Data items
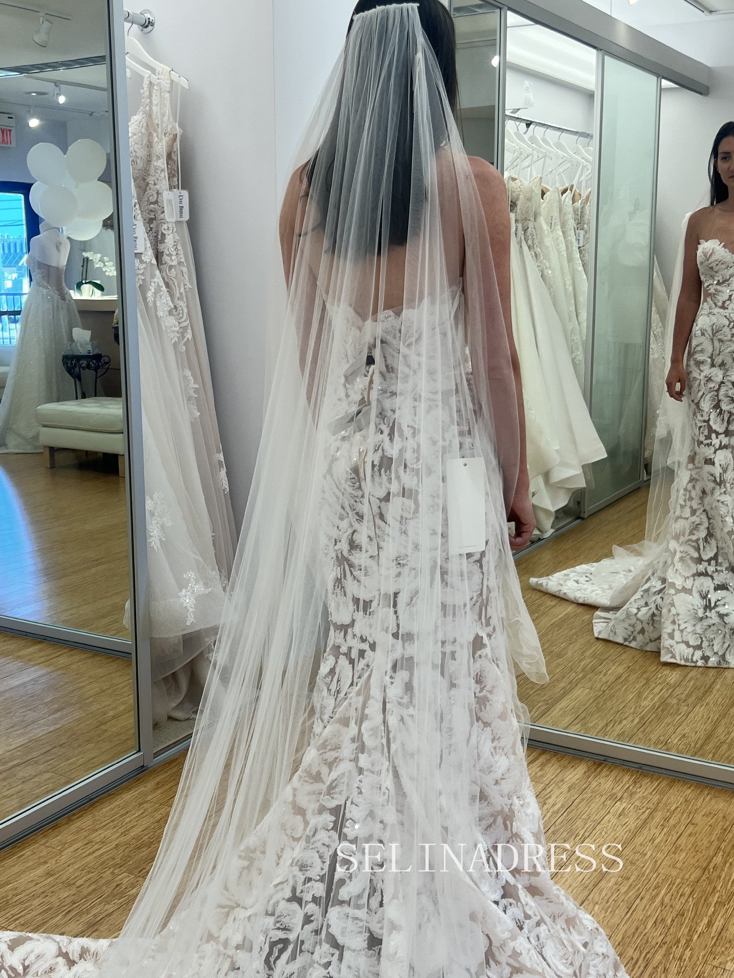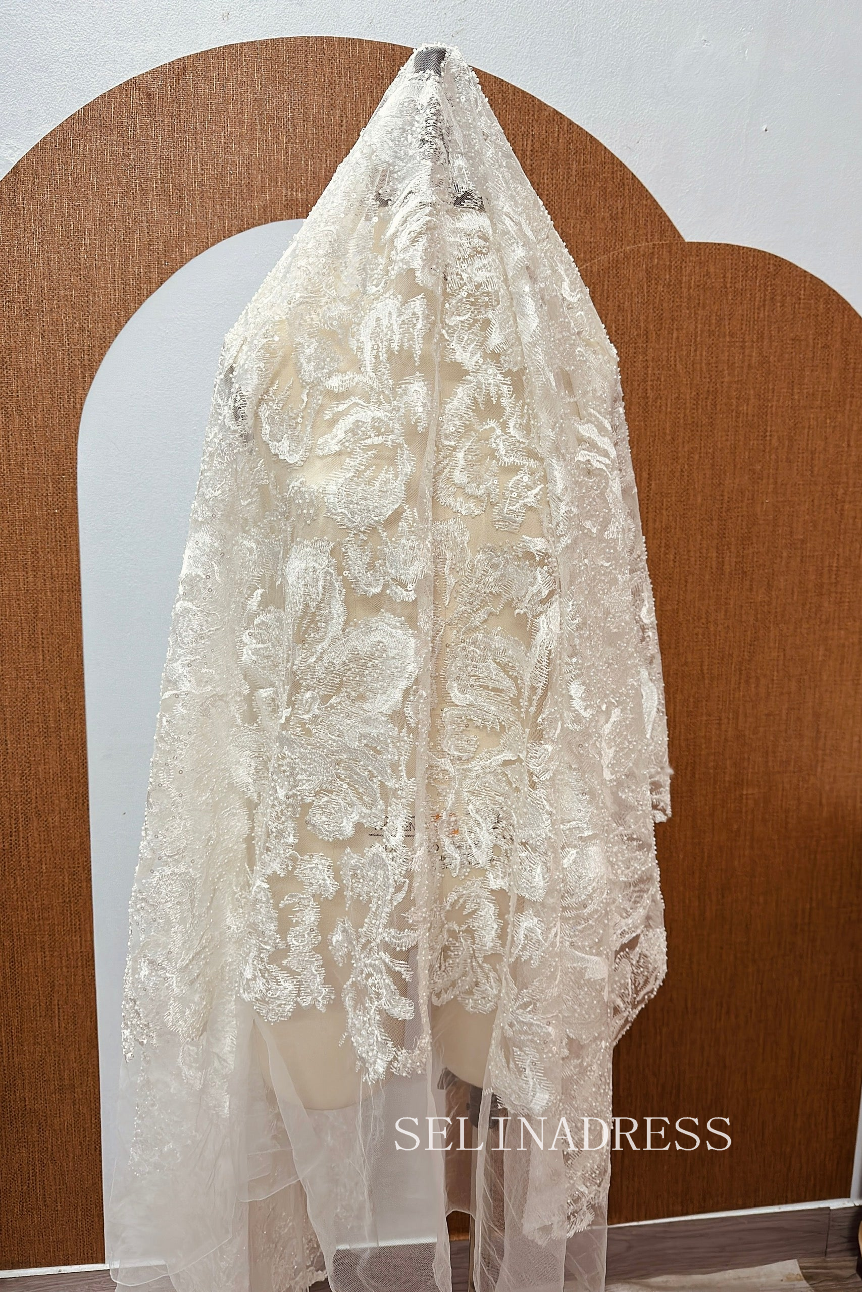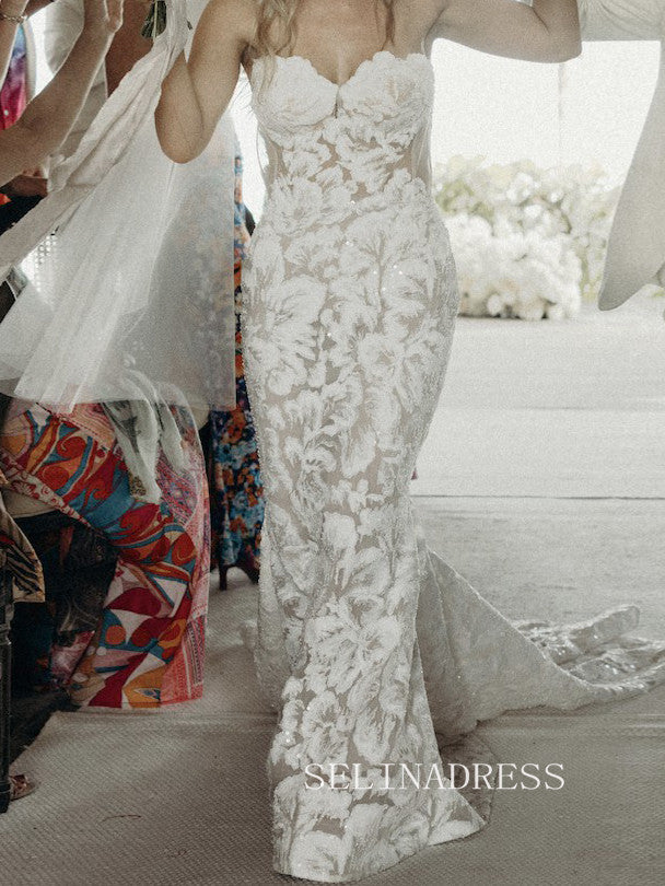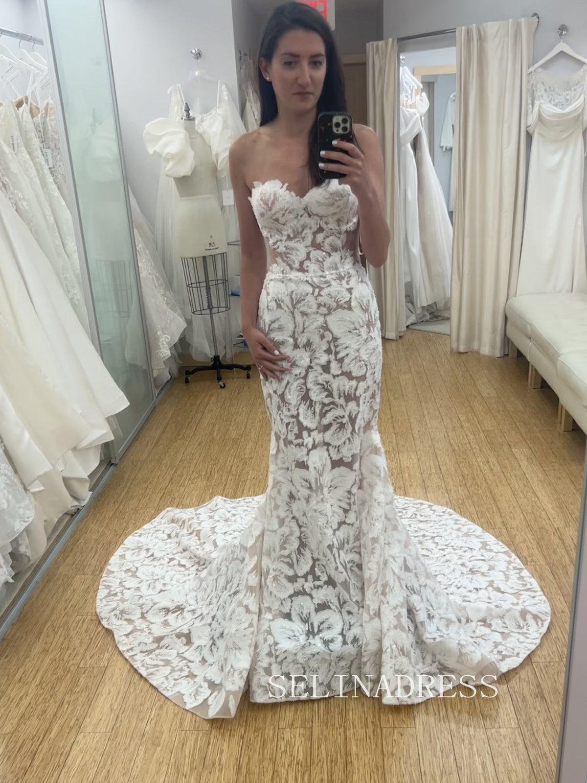 This SELINADRESS White Lace Mermaid Wedding Dress is a captivating choice for your big day. The white hue adds a touch of purity, while the intricate lace appliqué and fitted bodice add a touch of elegance. The flowing skirt adds grace, making you feel like a fairy tale bride.
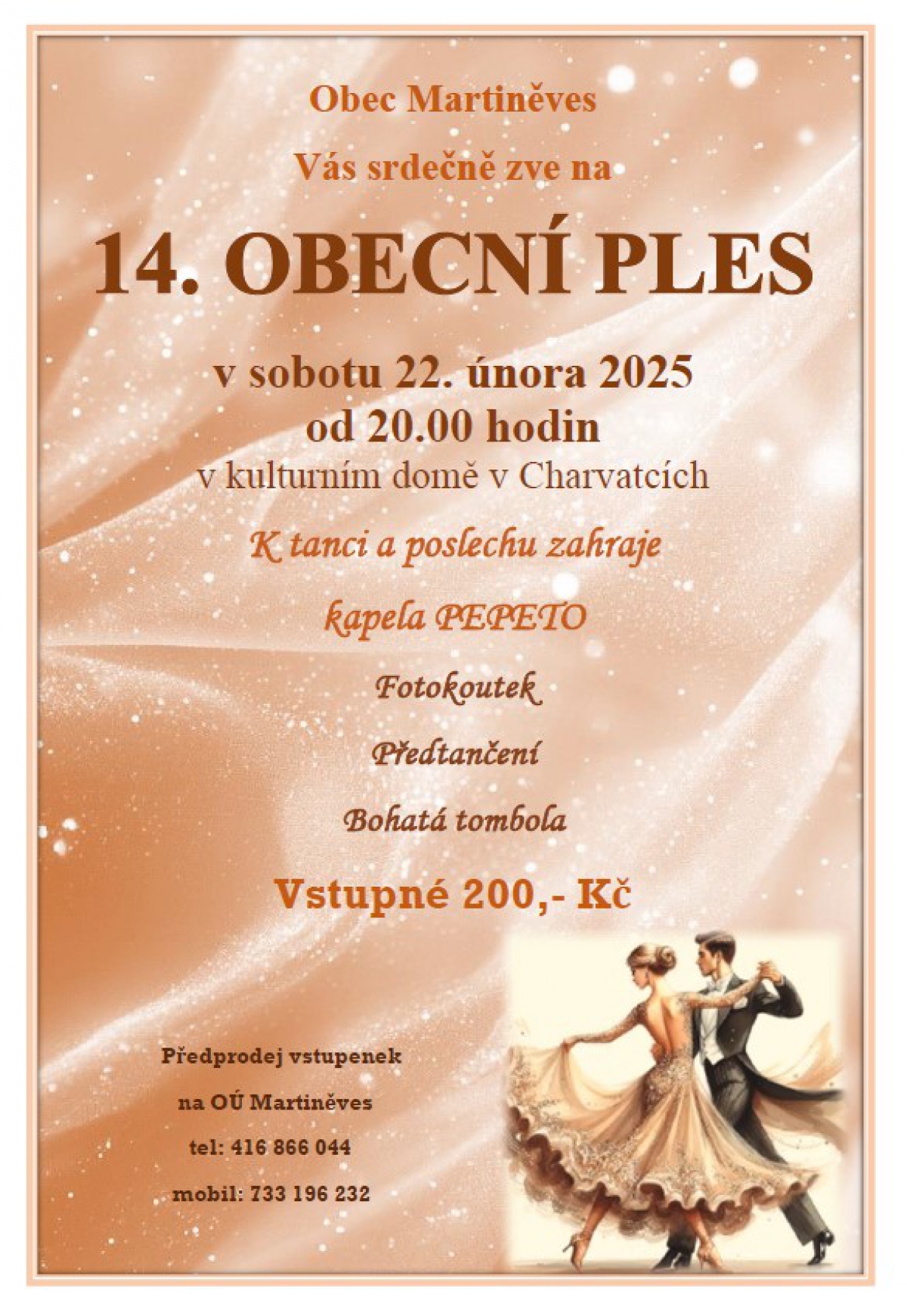 Obec Martiněves Vás srdečně zve na obecní ples, který se uskuteční v sobotu 22.2.2025 od 20 hodin v KD Charvatce. Vstupné je 200,- Kč. Předprodej vstupenek je na OÚ Martiněves, tel. 416 866 044 nebo mobil. 733 196 232.
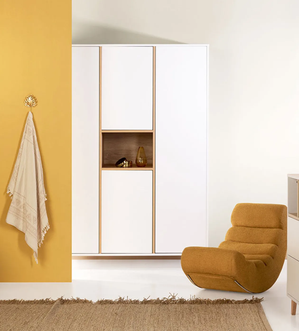 Kleidung, Spielzeug, Bastelsachen: In einem Kinderzimmer gibt es immer viel zu verstauen! Der große Schrank der belgischen Marke QUAX bietet mit zahlreichen Fächern genügend Platz für alles, was man im Alltag mit Kind braucht. So ist das Baby- oder Kinderzimmer blitzschnell wieder aufgeräumt. Auch mit drei Türen erhältlich!
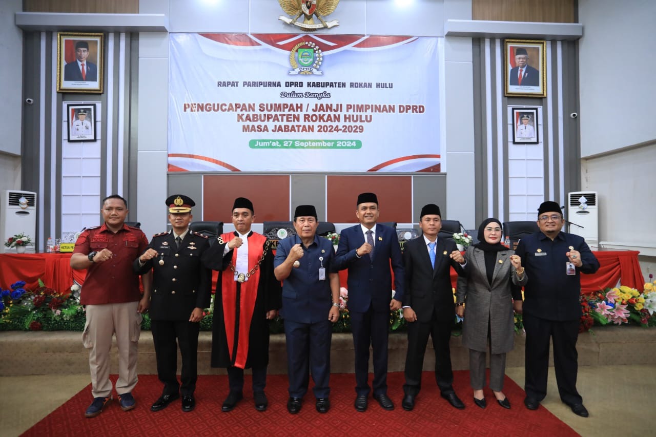 Dalam hal ini, Bupati Rokan Hulu (Rohul), H Sukiman turut menghadiri prosesi pelantikan sekaligus pengambilan sumpah terhadap 45 anggota Dewan Perwakilan Rakyat Daerah (DPRD) Kabupaten Rokan Hulu tersebut.
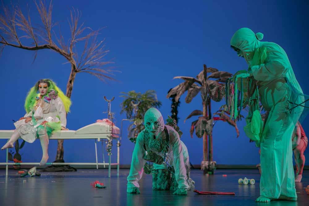 Πολύχρωμος φωτισμός νέον, φωτορυθμικά και μπουρμπουλήθρες, rave, αυστραλέζικα didgeridoo και ντραμς. Μια άμορφη, κομποστοποιημένη μάζα αποκαλύπτει σταδιακά πολυειδείς οργανισμούς που επιδίδονται σε μια έντονη, ερωτική χορογραφία. Άφυλα, ημίγυμνα ανθρωποειδή, υβριδικά αντικείμενα, απροσδιόριστης μορφής οντότητες και βακτήρια ετοιμάζονται για την απαρχή του νέου είδους. Ένα πλάσμα που γεννάει, περφόρμερ που επιδίδονται νευρικά σε παράδοξες δράσεις και δύο ποιήτριες/ποιητές, που απαγγέλλουν ερμηνείες για το νέο είδος που γεννιέται. Μία ράπερ μάς τραγουδά το μέλλον, συνθέτοντας ένα μουσικό συνονθύλευμα που αποτελεί την κορύφωση του έργου.
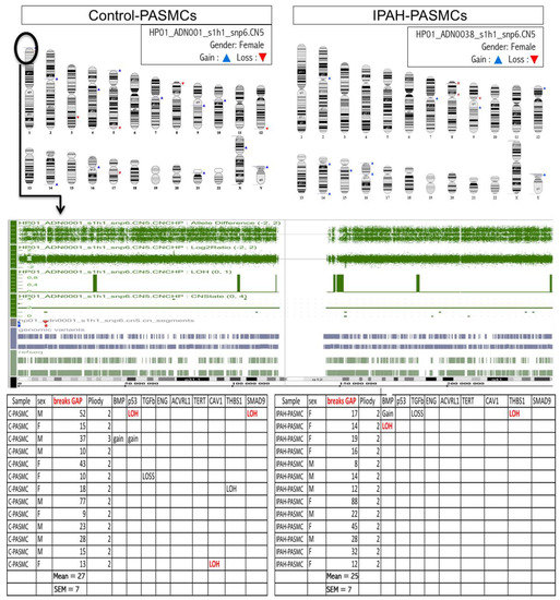 Genomic stability in IPAH. (Upper panel) Representative comparative genomic hybridization (CGH) array showing the gain, loss, and location of DNA regions on each chromosome. (Lower panel) The number of break-points in ten controls (C-PASMCs) and ten patients with IPAH (IPAH-PASMCs) as well as the gain, loss, and loss of heterozygosity (LOH) in all genomic DNA regions; this was done by focusing on regions encoding genes identified to be involved in the development of IPAH.

Exercise prompt. Copy the data in full. No pictures belong in the copy.

Answer.
 This SELINADRESS White Lace Mermaid Wedding Dress is a captivating choice for your big day. The white hue adds a touch of purity, while the intricate lace appliqué and fitted bodice add a touch of elegance. The flowing skirt adds grace, making you feel like a fairy tale bride.
 Obec Martiněves Vás srdečně zve na obecní ples, který se uskuteční v sobotu 22.2.2025 od 20 hodin v KD Charvatce. Vstupné je 200,- Kč. Předprodej vstupenek je na OÚ Martiněves, tel. 416 866 044 nebo mobil. 733 196 232.
 Kleidung, Spielzeug, Bastelsachen: In einem Kinderzimmer gibt es immer viel zu verstauen! Der große Schrank der belgischen Marke QUAX bietet mit zahlreichen Fächern genügend Platz für alles, was man im Alltag mit Kind braucht. So ist das Baby- oder Kinderzimmer blitzschnell wieder aufgeräumt. Auch mit drei Türen erhältlich!
 Dalam hal ini, Bupati Rokan Hulu (Rohul), H Sukiman turut menghadiri prosesi pelantikan sekaligus pengambilan sumpah terhadap 45 anggota Dewan Perwakilan Rakyat Daerah (DPRD) Kabupaten Rokan Hulu tersebut.
 Πολύχρωμος φωτισμός νέον, φωτορυθμικά και μπουρμπουλήθρες, rave, αυστραλέζικα didgeridoo και ντραμς. Μια άμορφη, κομποστοποιημένη μάζα αποκαλύπτει σταδιακά πολυειδείς οργανισμούς που επιδίδονται σε μια έντονη, ερωτική χορογραφία. Άφυλα, ημίγυμνα ανθρωποειδή, υβριδικά αντικείμενα, απροσδιόριστης μορφής οντότητες και βακτήρια ετοιμάζονται για την απαρχή του νέου είδους. Ένα πλάσμα που γεννάει, περφόρμερ που επιδίδονται νευρικά σε παράδοξες δράσεις και δύο ποιήτριες/ποιητές, που απαγγέλλουν ερμηνείες για το νέο είδος που γεννιέται. Μία ράπερ μάς τραγουδά το μέλλον, συνθέτοντας ένα μουσικό συνονθύλευμα που αποτελεί την κορύφωση του έργου.
 Genomic stability in IPAH. (Upper panel) Representative comparative genomic hybridization (CGH) array showing the gain, loss, and location of DNA regions on each chromosome. (Lower panel) The number of break-points in ten controls (C-PASMCs) and ten patients with IPAH (IPAH-PASMCs) as well as the gain, loss, and loss of heterozygosity (LOH) in all genomic DNA regions; this was done by focusing on regions encoding genes identified to be involved in the development of IPAH.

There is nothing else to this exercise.